[What to do]:
Using the data below, reproduce exactly the lines from the line with "Verkauft werden hier" to the line with "进入礼堂,典礼在雄壮的国歌声", both included; pictures must be dropped.
- - - - -
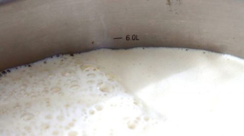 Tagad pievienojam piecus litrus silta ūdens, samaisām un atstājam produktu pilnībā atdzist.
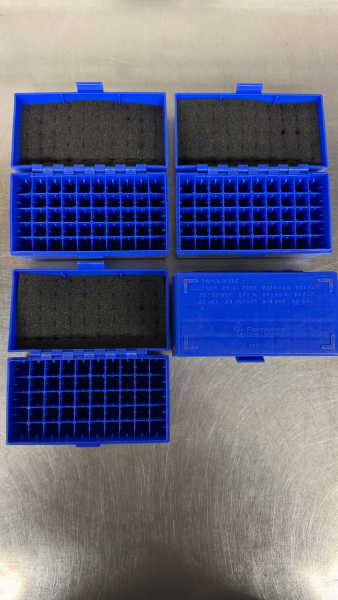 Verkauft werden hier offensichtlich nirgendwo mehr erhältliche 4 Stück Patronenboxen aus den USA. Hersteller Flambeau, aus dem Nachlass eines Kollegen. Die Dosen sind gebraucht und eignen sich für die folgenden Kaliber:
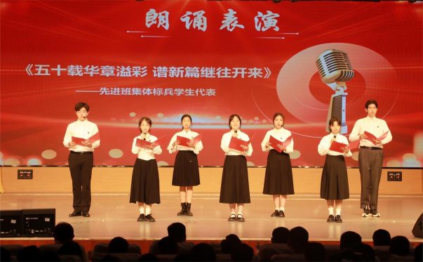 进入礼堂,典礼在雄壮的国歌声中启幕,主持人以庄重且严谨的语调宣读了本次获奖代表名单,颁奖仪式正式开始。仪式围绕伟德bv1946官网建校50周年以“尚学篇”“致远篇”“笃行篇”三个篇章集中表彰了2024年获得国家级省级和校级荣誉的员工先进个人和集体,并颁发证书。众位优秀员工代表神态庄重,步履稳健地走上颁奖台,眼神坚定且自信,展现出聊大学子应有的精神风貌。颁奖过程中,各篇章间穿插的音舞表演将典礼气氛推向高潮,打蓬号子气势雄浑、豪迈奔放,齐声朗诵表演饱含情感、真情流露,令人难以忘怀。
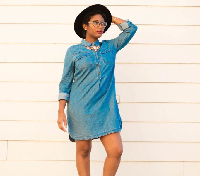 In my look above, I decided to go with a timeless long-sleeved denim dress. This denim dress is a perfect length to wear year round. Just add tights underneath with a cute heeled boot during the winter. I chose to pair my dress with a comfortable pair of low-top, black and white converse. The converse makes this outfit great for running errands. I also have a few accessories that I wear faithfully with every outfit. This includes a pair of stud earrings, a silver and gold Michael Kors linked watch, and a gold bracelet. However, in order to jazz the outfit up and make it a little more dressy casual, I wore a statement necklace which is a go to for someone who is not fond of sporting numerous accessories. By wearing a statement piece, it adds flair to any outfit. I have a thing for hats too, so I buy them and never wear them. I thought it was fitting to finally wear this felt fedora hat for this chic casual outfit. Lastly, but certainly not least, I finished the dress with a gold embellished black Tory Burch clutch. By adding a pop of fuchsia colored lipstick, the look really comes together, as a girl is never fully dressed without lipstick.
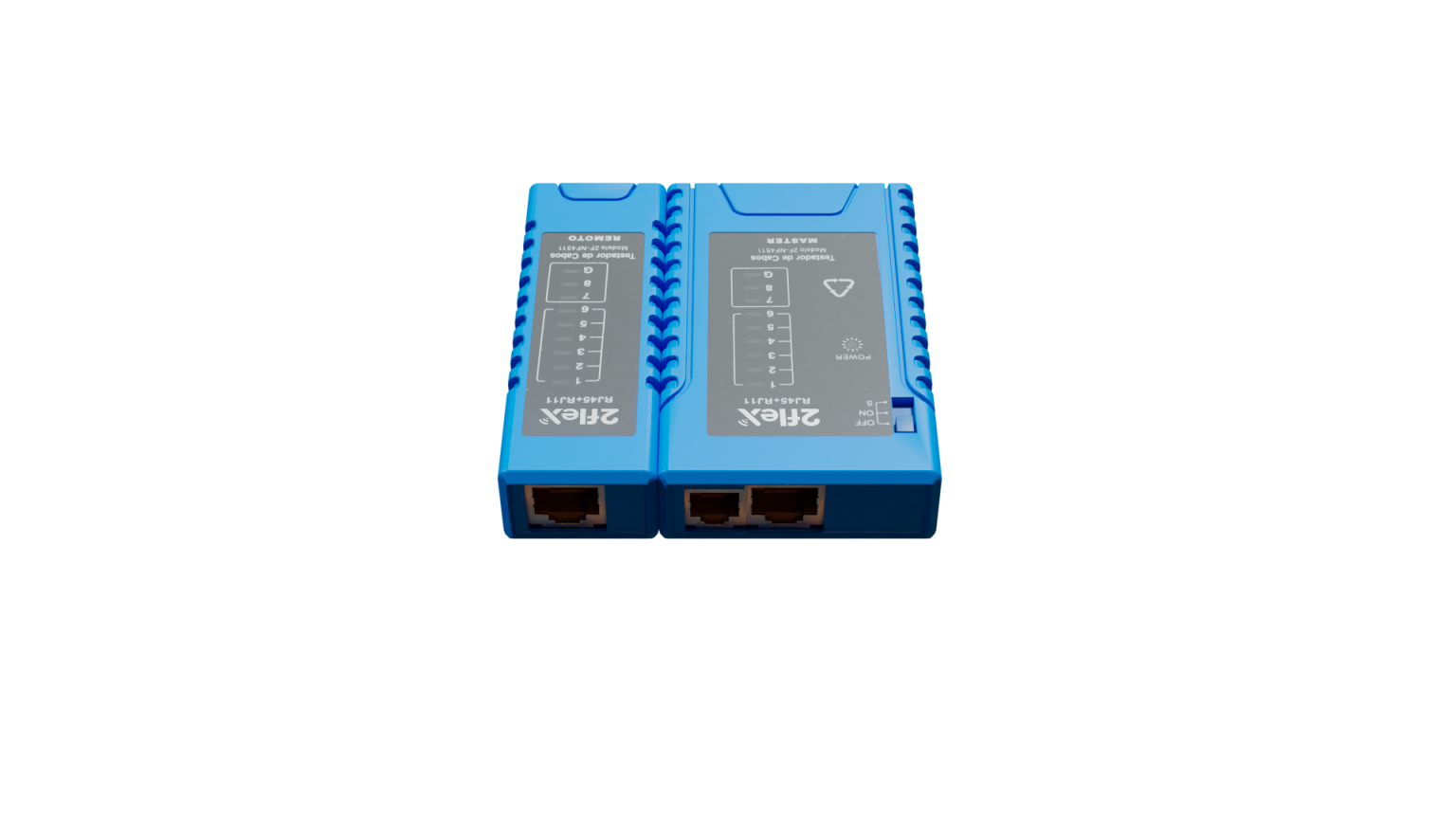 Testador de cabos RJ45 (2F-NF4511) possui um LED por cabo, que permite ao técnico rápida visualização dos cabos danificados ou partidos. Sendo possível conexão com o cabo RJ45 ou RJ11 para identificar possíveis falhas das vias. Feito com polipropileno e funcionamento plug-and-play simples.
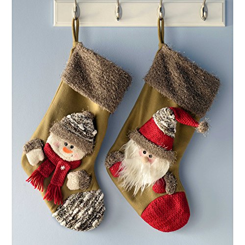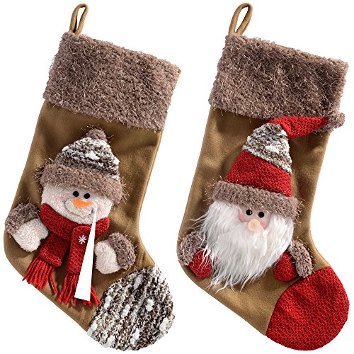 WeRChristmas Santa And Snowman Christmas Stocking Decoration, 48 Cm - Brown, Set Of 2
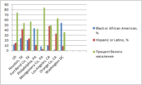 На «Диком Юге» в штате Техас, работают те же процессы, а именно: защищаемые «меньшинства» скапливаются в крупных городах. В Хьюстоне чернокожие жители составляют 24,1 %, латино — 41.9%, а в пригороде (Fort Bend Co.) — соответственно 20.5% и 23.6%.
- - - - -
[Answer section]:
 Verkauft werden hier offensichtlich nirgendwo mehr erhältliche 4 Stück Patronenboxen aus den USA. Hersteller Flambeau, aus dem Nachlass eines Kollegen. Die Dosen sind gebraucht und eignen sich für die folgenden Kaliber:
 进入礼堂,典礼在雄壮的国歌声中启幕,主持人以庄重且严谨的语调宣读了本次获奖代表名单,颁奖仪式正式开始。仪式围绕伟德bv1946官网建校50周年以“尚学篇”“致远篇”“笃行篇”三个篇章集中表彰了2024年获得国家级省级和校级荣誉的员工先进个人和集体,并颁发证书。众位优秀员工代表神态庄重,步履稳健地走上颁奖台,眼神坚定且自信,展现出聊大学子应有的精神风貌。颁奖过程中,各篇章间穿插的音舞表演将典礼气氛推向高潮,打蓬号子气势雄浑、豪迈奔放,齐声朗诵表演饱含情感、真情流露,令人难以忘怀。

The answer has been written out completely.